The mantra in St. Louis for the better part of the week, and maybe for the duration of the first-round series, was that this time things were going to be different. This time the Blues weren’t going to fall apart, they were going to close out a series and finally advance after three consecutive first-round exits. But a loss in Game 6 saw doubt creep in for the Blues, if not from the players then from those who’ve watched this team fail to get the job done in Round One for the past three campaigns.
However, following Game 6’s second period collapse, the Blues entered Game 7 with the same emotion they displayed in the first frame of Saturday’s game. The difference-maker was that this time the Blues didn’t fall apart at the seams. No doubt there was a scare — an early 2-0 lead was squashed by the rival Chicago Blackhawks — but with the game tied, the Blues didn't blow coverages, they didn't let a weak goal turn the tide and they didn't give the Blackhawks one single Grade 'A' scoring chance. That all led to St.
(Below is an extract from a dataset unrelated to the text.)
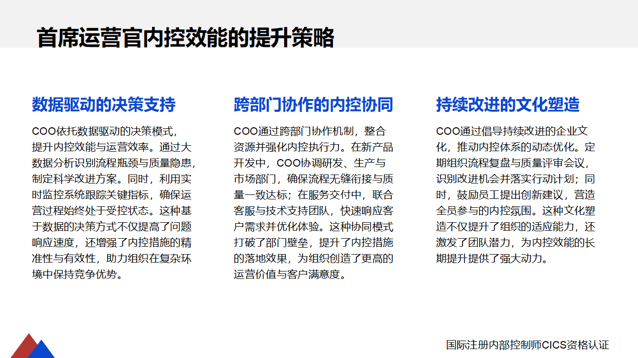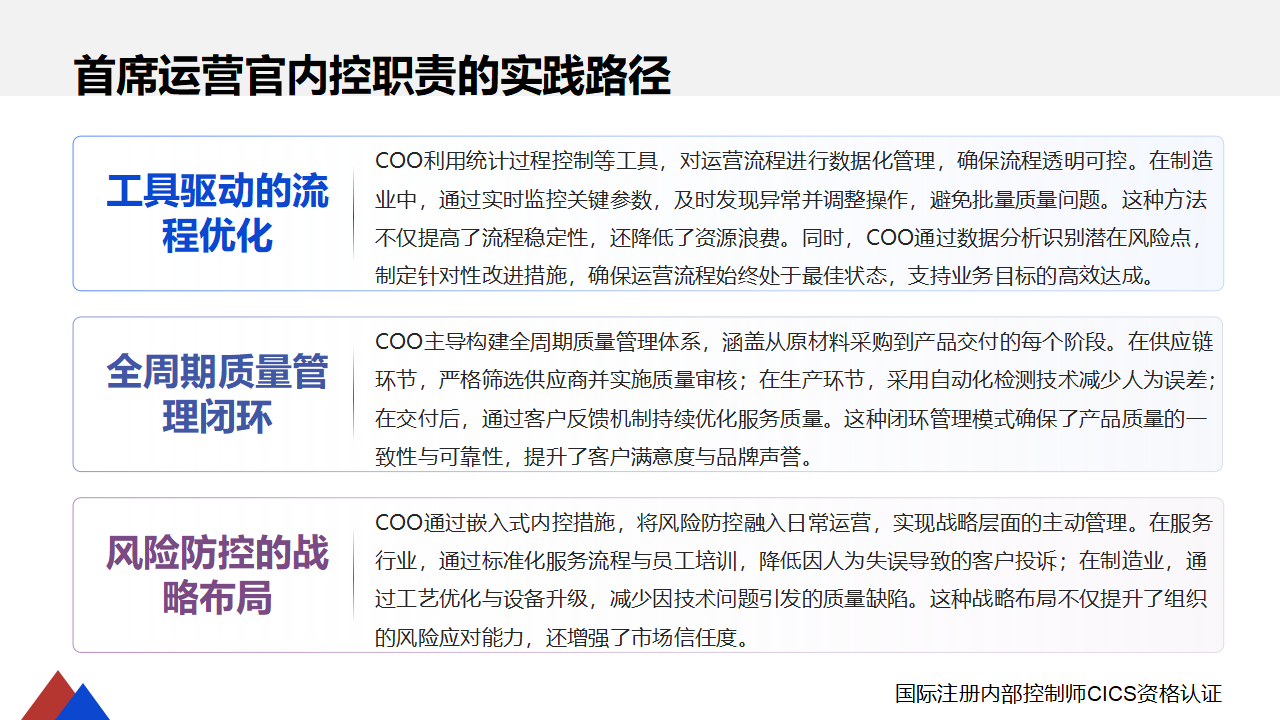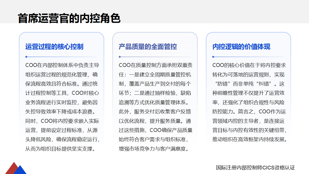 简言之,COO 并非单纯的 “运营执行者”,而是运营领域内控的 “主导者”,通过对过程与质量的专业管控,将内控要求转化为可落地的运营规则,确保组织运营在合规、高效的框架内推进,是连接运营目标与内控有效性的关键纽带。

Louis’ Troy Brouwer scoring midway through the final period, and that marker stood as the goal that sent the Blues to the second round.
Of course, even the Blues’ late one-goal lead wasn’t entirely safe as Brent Seabrook blasted a shot from the blueline that walked the goal line and hit off of both posts, but that was all but forgotten as the final buzzer went. All that matters to the fans in St. Louis, and to a Blues organization that sorely needed this victory, is that they held on and are advancing to the second round of the post-season after three straight seasons of first-round heartbreak.
It’s fitting this Blues group is the one to move on, too, given the injury issues the team overcame in the regular season that likely would have crushed previous iterations of this squad. It wasn’t until the first game of the post-season that St. Louis found themselves with a full, healthy roster, yet somehow the Blues managed to not only succeed in the regular season but earn home ice advantage in the first round while challenging for the Central Division title.
If the Blues were going to go anywhere in this post-season, if they were going to accomplish anything, it had to start with St. Louis overcoming a hurdle to prove to themselves and their doubters their ability to get the job done. That their proof came at the expense of a foe as detested as the Blackhawks is only a bonus. It feels as though the Blues’ Game 7 victory could have been a catalyst for this team. Maybe it’s not all talk and this year really is different, because after Game 7, St. Louis looks like a group that is truly ready to take the next step.
That’s not to say St. Louis is without faults, and there are issues that need to be addressed if the Blues want to continue its march towards the franchise’s first Stanley Cup. The deployment and usage of star winger Vladimir Tarasenko was a major talking point throughout the first round, and a scene between coach Ken Hitchcock and the Russian winger put the spotlight squarely on the situation in Game 7. There’s also the matter of St. Louis’ inability to defend leads — the Blues blew two-goal cushions in Games 6 and 7 — and Hitchcock and Co. will need to address that issue before facing a Dallas Stars offense that can seemingly score at will. But at least for one night, the city of St. Louis will celebrate their Blues, who have finally overcome their first-round woes to move on to Round Two.